The 5 Sources of Power in Organisations is a basis to classify the power in organisations. It describes the different types of power leaders and managers have and how they use them. This article provides a brief over of those 5 bases of power in an organisation.
The Bases of Power
American sociologists John French and Bertram Raven published an article titled ‘The Bases of Power’. Its basis was to classify the power in organisations.
In the article, they identified 5 sources of power and how they are used by leaders in organisations.
The 5 Sources of Power
The 5 Bases of Power in the Raven and Bertram article were:
- Legitimate power
- Expert power
- Referent power
- Coercive power
- Reward power
Also known as positional power and it comes from the position the person has in the organisation’s hierarchy.
Typically, managers and leaders who delegate work and set tasks for others are described as having legitimate power. The person who holds the power to exercise it correctly, they have to have been seen (or at least perceived) to have earned it. This may be through time in the role, experience in the role and the results that they have delivered.
Examples of this in an organisation might be the CEO.
This type of power can be unstable. If the person loses the title or their position, their power disappears.
Having expert power comes from having expertise in a particular area. These people are valued in organisations for their problem-solving skills. People will look to them to influence decisions, have input into problems and are held in high regard by their colleagues.
People with expert power may be seen as ideal candidates for promotion in the organisation.
Referent power comes from the interpersonal relationships that a person builds with others in the organisation. People have referent power when other people respect them and like them.
It comes from influence through the behaviour that they demonstrate to others. If they are liked, others are more likely to respect and trust them. This allows the person with referent power to influence others.
This power can also come from the relationships this person forms with key people in the organisation such as the CEO.
This power comes from a person’s ability to influence through threats, punishment or sanctions. Others will respond to this behaviour because of fear of reprimand. They ensure that others stick to the organisation’s rules, policies and procedures.
The downside is, that you can only use this type of power in short bursts.
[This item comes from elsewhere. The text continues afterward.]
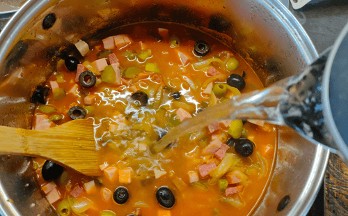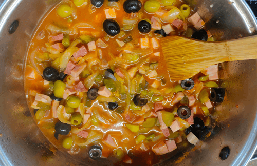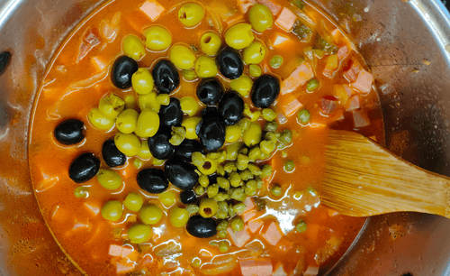 Выложить маслины в кастрюлю и влить оставленный рассол от огурцов и оливок, маслин и каперсов, все перемешать и протушить вместе 5–7 минут.

If it’s used too much it tends to push people away or even leave the organisation.
This power comes from the person’s ability to offer and influence incentives in an organisation. This may be an increase in salary and promotions. They can use this power to motivate employees and team members.
The problem with this power may be that the person cannot always deliver or they can’t always make these decisions about rewards or incentives by themselves. They may need to seek the permission of others who make the final decisions as to whether the reward can be sectioned.